See artikkel on trükitud:
https://www.eesti.ca/house-takes-lead-on-russian-human-rights-bill/article36568
House takes lead on Russian human-rights bill
06 Jun 2012 EWR Online
Julian Pecquet, The Hill - 06/04/12
The House Foreign Affairs Committee this week will become the first panel to vote on human-rights legislation that lawmakers of both parties say is a precondition to normalizing trade relations with Russia.

The panel is scheduled to mark up the so-called Magnitsky bill, sponsored by U.S. Congressional Human Rights Commission co-chairman Rep. James McGovern (D-Mass.), on Thursday. The bill has the support of committee chairwoman Ileana Ros-Lehtinen (R-Fla.) and is expected to easily pass the House despite Russian threats of retaliation.

“If this new anti-Russian law is adopted, then of course that demands measures in response,” Russian President Vladimir Putin's spokesman Yuri Ushakov said last week.

The bill is named after Sergei Magnitsky, a Russian lawyer who was arrested on fraud charges and died in custody three years ago after accusing tax officials of a $230 million fraud. It would impose travel and financial sanctions on anyone “responsible for extrajudicial killings, torture or other human-rights violations committed against individuals seeking to promote human rights or to expose illegal activity carried out by officials of the government of the Russian Federation,” according to a summary, as well as officials involved in Magnitsky’s detention and death.

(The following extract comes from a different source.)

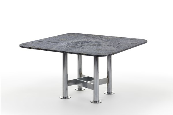 Tavolo con piano quadrato ad angoli arrotondati in granito blu e base in tubolari di acciaio cromato collegati da traverse incrociate. Italia, anni '70. (cm 134x74x134) (lievi difetti)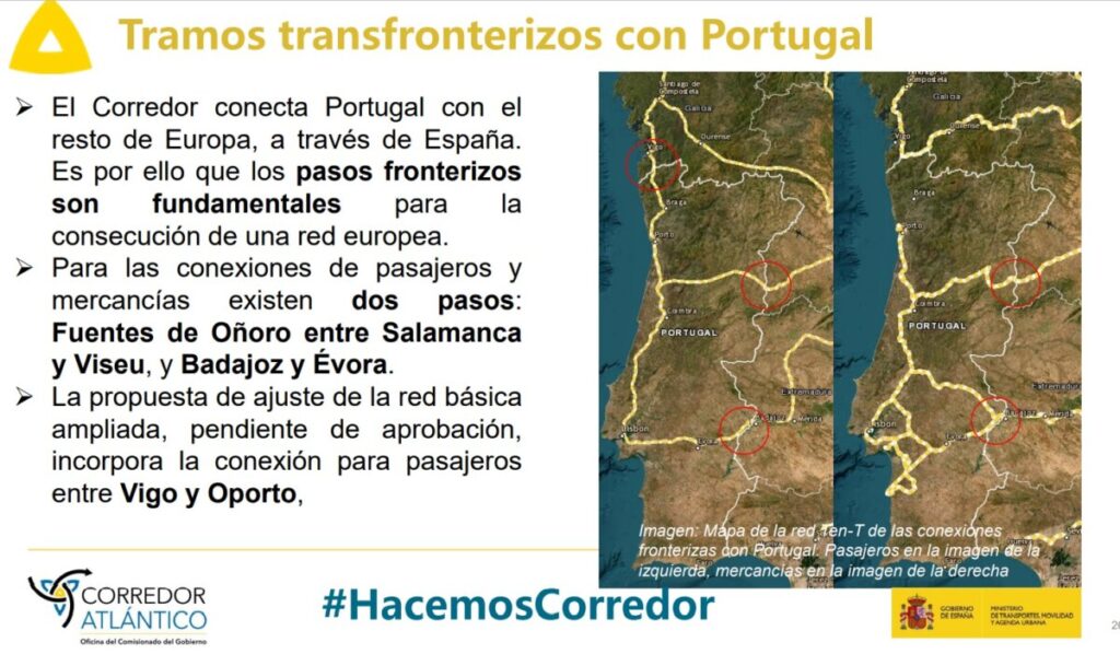 El Corredor conecta Portugal con el resto de Europa, a través de España. Los pasos fronterizos son fundamentales para la consecución de una red europea. Uno de los principales objetivos del Corredor Atlántico es favorecer el transporte ferroviario de mercancías con la mejora de las vías y las conexiones ferroportuarias, el desarrollo de polos logísticos, impulsando el uso de las autopistas ferroviarias.

The legislation aims to give Congress a way to pressure Moscow on human rights after the United States establishes normal trade relations with Russia, which is supposed to happen this July following Russia's accession to the World Trade Organization. The bill would replace the Jackson-Vanik amendment, Cold War-era legislation that denied favored-nation status to certain countries that restrict emigration.